Тогда я жил оставленный, брошенный – без моей вины. Обошел человек и сделал вред.
Вдруг я встречаю, при умирании третьего (товарищ), слезы… Я удивился… «Что такое слезы?» «Я никогда не плачу». «Не понимаю, не чувствую».
Я весь задеревенел в своей злобе и оставленности и мелких «картишках».
Плач, – у гроба третьего[36] - был для меня что яблоко для Ньютона. «Так вот, можно жалеть, плакать»… Удивленный, пораженный, я стал вникать, вслушиваться, смотреть.
Та же судьба, та же оставленность. Но реагирующая на зло плачем в себе, без осуждения, без недоумения, без всякой злобы, без догадки, что есть в мире злоба, вот «демонизм», вот «бесовщина».

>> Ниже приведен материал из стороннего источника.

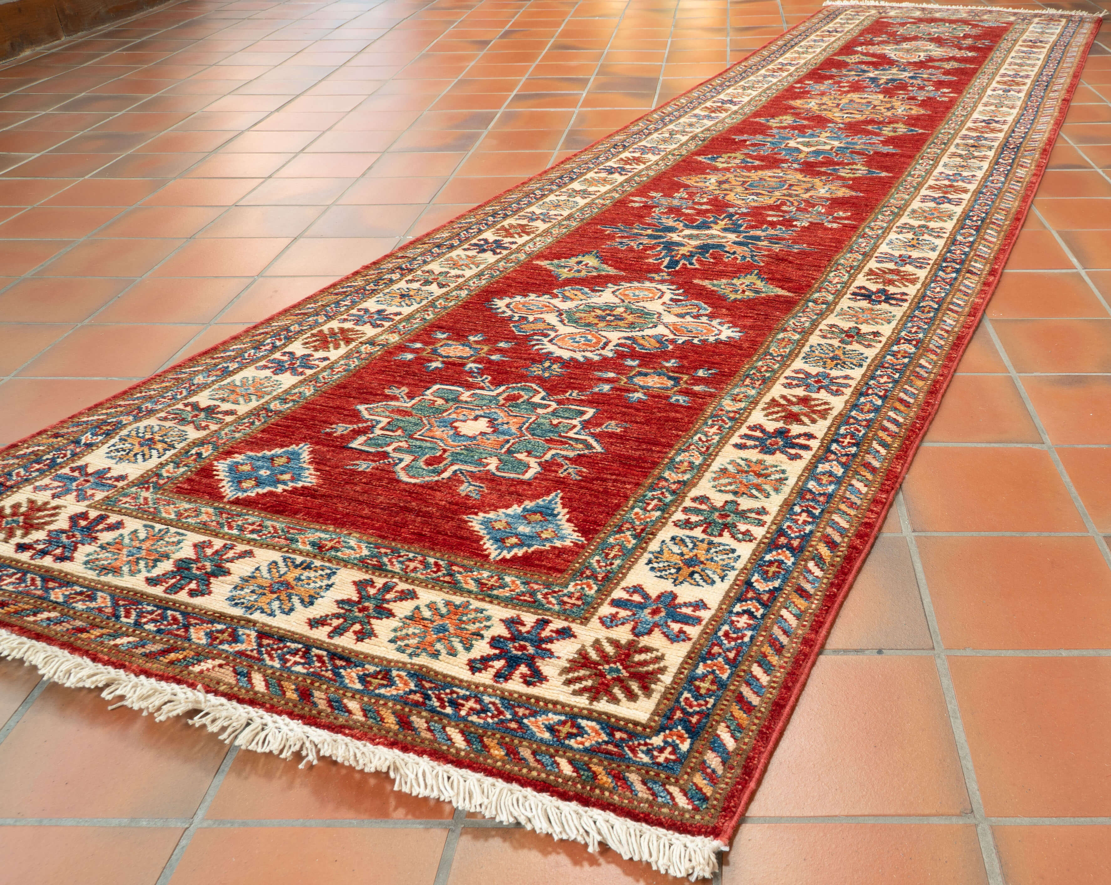 Handwoven by skilled artisan weavers in north-west Afghanistan, this fine Afghan Kazak short runner embodies traditional craftsmanship nurtured through generations. Crafted within a cottage industry, it features vegetable-dyed, hand-spun wool known for its durability and practical resilience. The runner’s rich red background is accented by a cream border, complemented by shades of blue, terracotta, and green. Its bold geometric pattern, inspired by designs originally from the Caucasus, makes it an ideal long runner for hallways, landings, or corridors, combining heritage artistry with everyday functionality.

Я подал руку, – долго не принимаемую, по неуверенности. Ведь я ходил в резиновых глубоких галошах в июне месяце, и вообще был «чучело». Да и «невозможно» было (администрация и проч.). Но колебания быстро прошли: случилось (от нервности) несчастие (оказавшееся через несколько месяцев мнимым), – которое, так сказать, «резиновые калоши» простирало до преисподней и делало меня «совершенно невозможным». Но «слезы по третьем» решили все: именно когда казалось все «разрушенным и погибшим», и до скончания веков, когда подойти ко мне значило погибнуть самому (особенная личная тайна), и я обо всем этом честно рассказал, – рука протянулась со словами «колебания кончились». Дальше, больше, годы, вдруг бороды лопатой говорят:
– Стоп!
Не обращаю внимания, но за ними и высокопросвещенные люди, как С.А. Рачинский[37], говорят:
– Нельзя.
«Что такое»?! Будь я «в панталонах мальчик», я ничего особенного бы не понял, не постигнул. Нужно было бесконечно наивной природе (я) столкнуться с фактом, чтобы понять… что «ведь это искусственное дело падать вниз яблоку, оторвавшемуся от ветки: натурально оно должно бы оставаться в воздухе; а уж если лететь, то почему же не вверх, а вниз: значит – земля притягивает». Я понял (и первый я), что не в «лопатах» дело, которым «все равно», и не в Рачинском, который благочестив, ко мне добр, а в другом, от чего Рачинский не хотел отстать, а «лопаты» приставлены «к этому забору». Кому-то далекому-далекому, чему-то великому-великому, нужно…
– Что нужно?
«– Играйте вы по-прежнему в преферанс, – ну, и погибнете, но мало ли же вообще людей гибнет. И этот «друг» ваш (с скрытною уже тогда болезнью)… тоже погибнет… Но ведь что же?.. Ведь это вообще есть, бывает, – бывает смерть и болезнь, и разврат, и пустота жизни или лица… Ну, и что же особенного тут, чему же волноваться…»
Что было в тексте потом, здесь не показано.